[Provided information]
------------
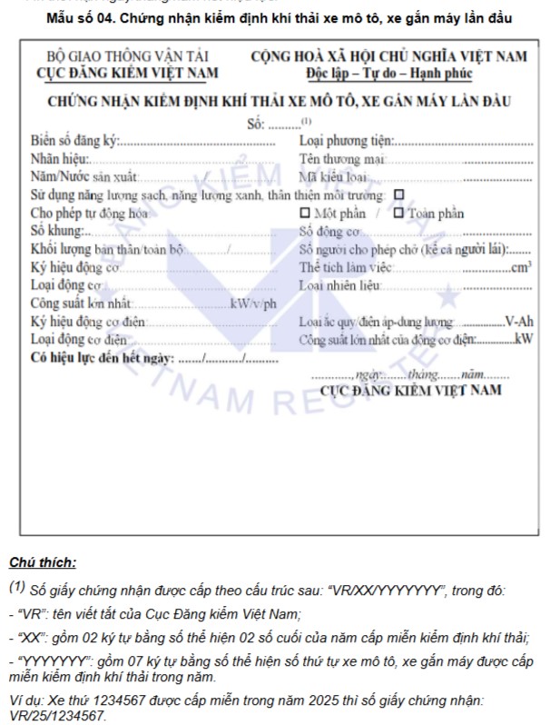Chứng nhận kiểm định khí thải xe máy lần đầu theo mẫu số 04 Phụ lục XX ban hành kèm theo Thông tư này.
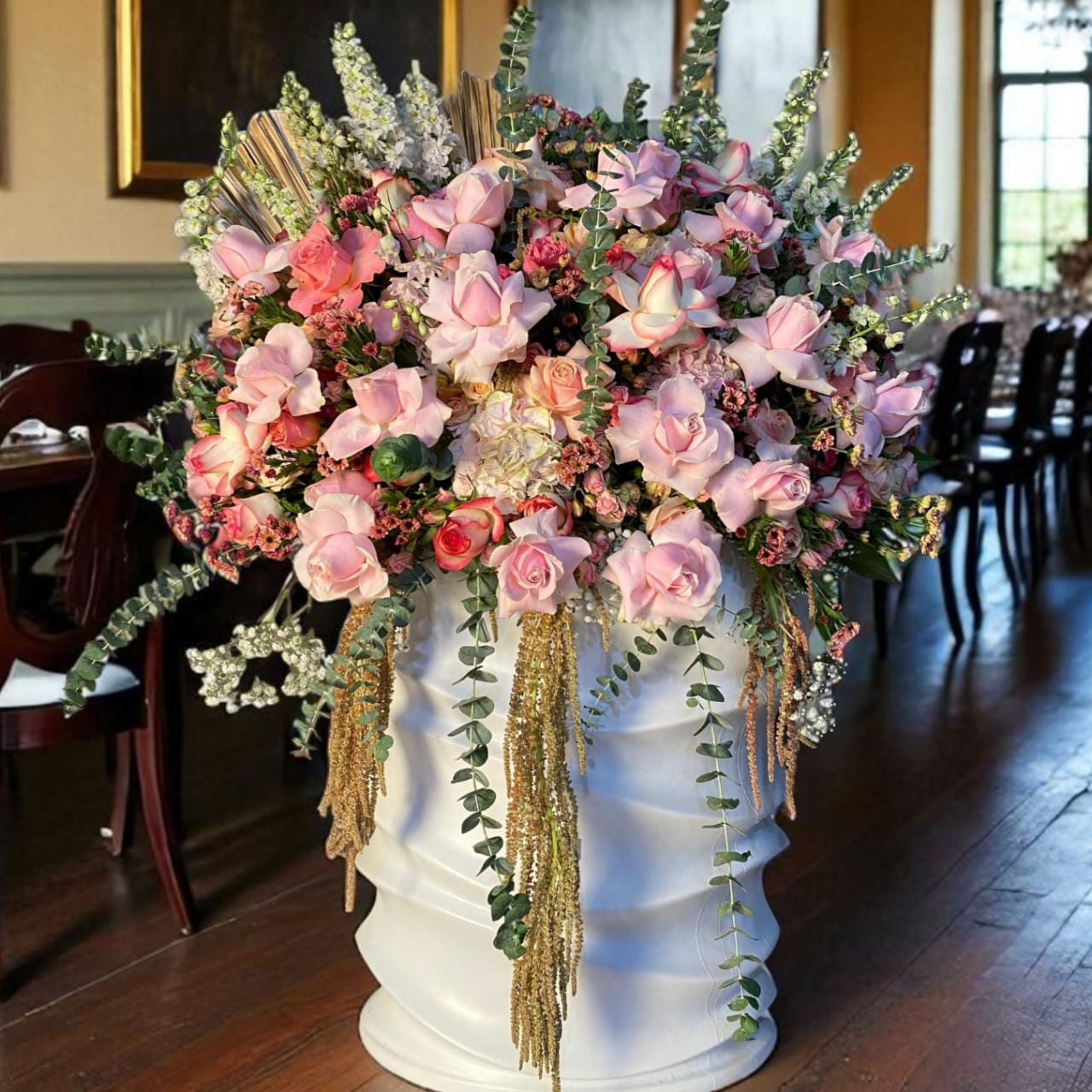دسته‌گل عاشقانه با گل‌های رز سفید از گلفروشی فلورانس پلاس
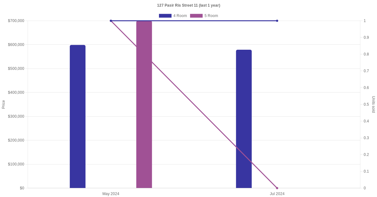 Below is a quick summary of the resale transactions volume and average price trends for the 4 room and 5 room units at 127 Pasir Ris Street 11.
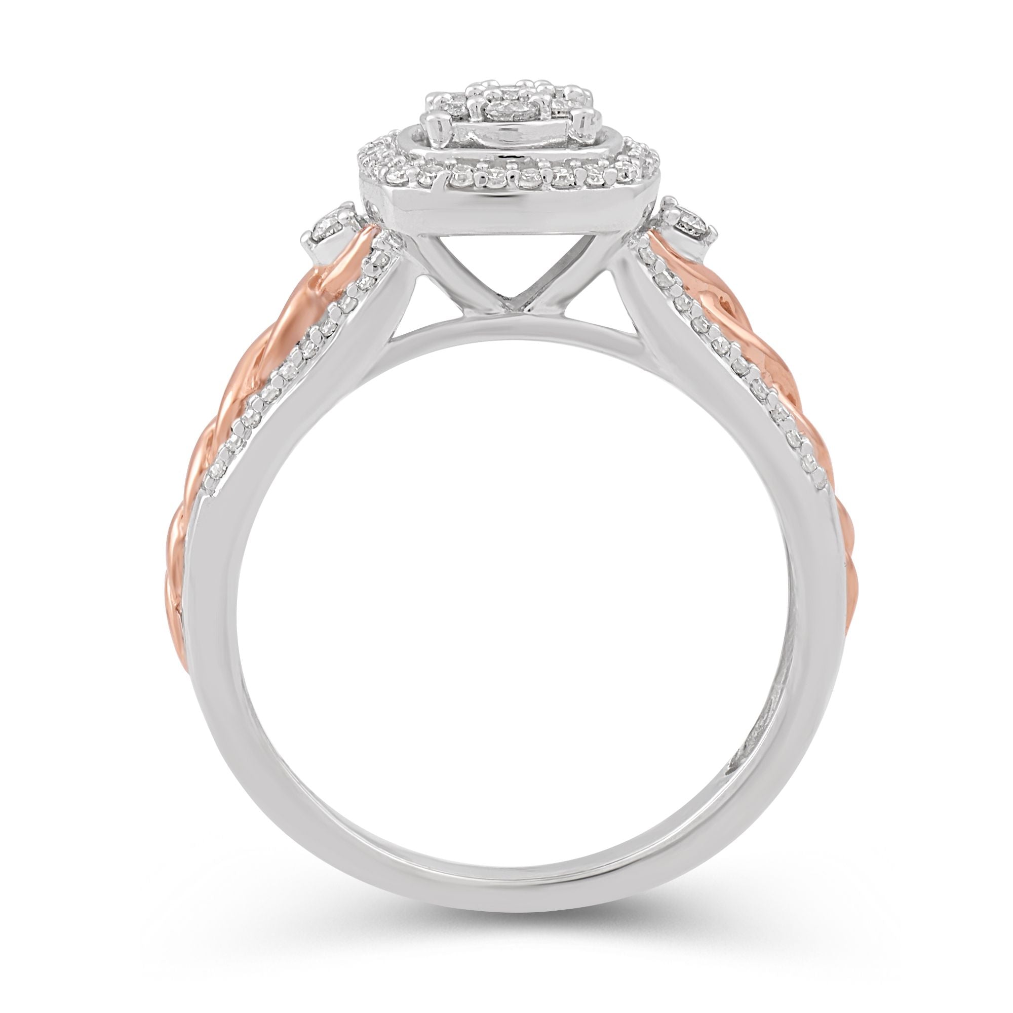 • Load image into Gallery viewer, Jewelili Engagement Ring with Natural White Round Diamonds in 14K Rose Gold over Sterling Silver 1/3 CTTW View 4
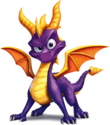 Spyro is an energetic, young, male, purple dragon. He is known for his ability to defeat enemies by breathing fire and charging at them, and his ability to glide to otherwise unreachable areas in the game world. Spyro is often accompanied by his best friend Sparx, who is a dragonfly.
------------
[To do]
Leave out the pictures and give the rest of the records again exactly.

[Solution for this task]
Chứng nhận kiểm định khí thải xe máy lần đầu theo mẫu số 04 Phụ lục XX ban hành kèm theo Thông tư này.
دسته‌گل عاشقانه با گل‌های رز سفید از گلفروشی فلورانس پلاس
 Below is a quick summary of the resale transactions volume and average price trends for the 4 room and 5 room units at 127 Pasir Ris Street 11.
 • Load image into Gallery viewer, Jewelili Engagement Ring with Natural White Round Diamonds in 14K Rose Gold over Sterling Silver 1/3 CTTW View 4
 Spyro is an energetic, young, male, purple dragon. He is known for his ability to defeat enemies by breathing fire and charging at them, and his ability to glide to otherwise unreachable areas in the game world. Spyro is often accompanied by his best friend Sparx, who is a dragonfly.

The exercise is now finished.